Inspiring data analysis
Robinson says his favourite comments by far are ones like this, by a programmer that said “I’ve never messed with R, but maybe I’ll get my hands dirty this weekend.”
“I’d much rather encourage people to develop data analysis skills than to get attention for my political conclusions. That’s why I included the code in the post, which is probably inaccessible to the vast majority of readers but could be helpful to data scientists and statisticians interested in the methodology.”
Helping others do text analysis
The open source software used to analyze Trump’s tweets is called tidytext, which Robinson co-authored with data scientist Julia Silge. “I care a lot about text mining in general,” he says, “especially developing tools that make the process easier for other data scientists. The analysis of the Trump tweets alone used R libraries including dplyr, purrr, twitteR, tidyr, lubridate, scales, ggplot2 and tidytext.
Now he is writing a book with Julia – Tidy Text Mining in R – that he says will include many examples of text analysis, including sentiment.
“She also did an awesome sentiment analysis of her own tweets, though that was before we collaborated on tidytext.”
Julia has written about using the software for sentiment analysis on the works of Jane Austen. A previous blog post by Robinson also outlines using sentiment analysis on Yelp reviews.
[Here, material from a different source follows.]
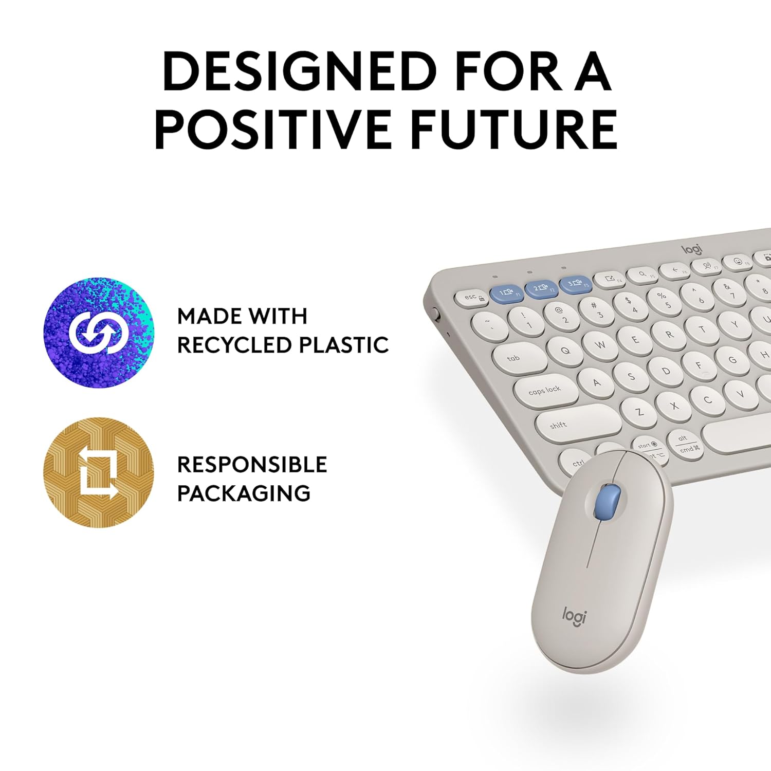 A Design Choice to Feel Good About: Plastic parts include certified post-consumer recycled plastic (1); Pebble Keys 2 K380s minimum 49% and Pebble Mouse 2 M350s minimum 58%

As for Trump? Robinson couldn’t resist another experiment: “I’ve written a much more humorous (and stupid) application of Trump-related sentiment analysis, which is to annotate every sentence in Pride and Prejudice with a Trump-style declaration.”
A version of this interview was conducted as part of the author’s research project “Text data processing and analysis in data journalism. An exploration of tools, techniques and applications” at the MA in Online Journalism at Birmingham City University.